In early Chinese thought, heaven was considered "round" and earth "square." Westerners from St. Anselm to Kant taught that round and square are opposites. I will explore the connections between east and west (round and square) in a blog that takes seriously the little details of our lives. Round and square; east and west—never the twain shall meet (it has been said). Except when they do, and that is the whole point of this blog.
Just a few words today. It is not a time for long musings. I'll leave that to others. All I wish to point out is something that I notice every time we reach an especially poignant anniversary. Today is Tuesday, you see, and somehow that matters to me as I think back to September 11, 2001. Since I spend a great deal of time studying calendars and almanacs, I tend to notice little peculiarities that may or may not strike others as relevant...so maybe it is just me. Maybe. I really can't recall anyone else bringing up this detail, but I notice it every five or six years after the anniversary of a powerful event.

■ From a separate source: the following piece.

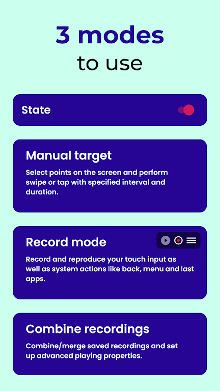Experience the easiest way to automate touch actions and create advanced workflows on your device. Unlock next-level control with Record, Combination, and Manual modes—your complete toolkit for macros, gaming, and customization.

It doesn't change the larger commemoration, to be sure, but it has seared itself into my memory of that morning eleven years ago. You see, September 11, 2001 was a Tuesday that many of us will never forget. Somehow—and I do not know why this matters to me...but it does—the commemorations when everything down to the day of the week are "the same" have particular resonance for me. 2006 and 2012 follow this pattern, and somehow...again...it feels closer to the awful spectacle of that day in 2001. I suspect that it is something that matters only to people who are peculiarly aware of the calendar.
What I am trying to say here is that it is not trivial, even if it might seem so to many. It is tied to memory in ways that I feel, but cannot quite tease out for explanation.
It doesn't change anything, but somehow the little weekday patterns make it even more vivid. I always notice, and that awful day is repeated in that extra dimension...today.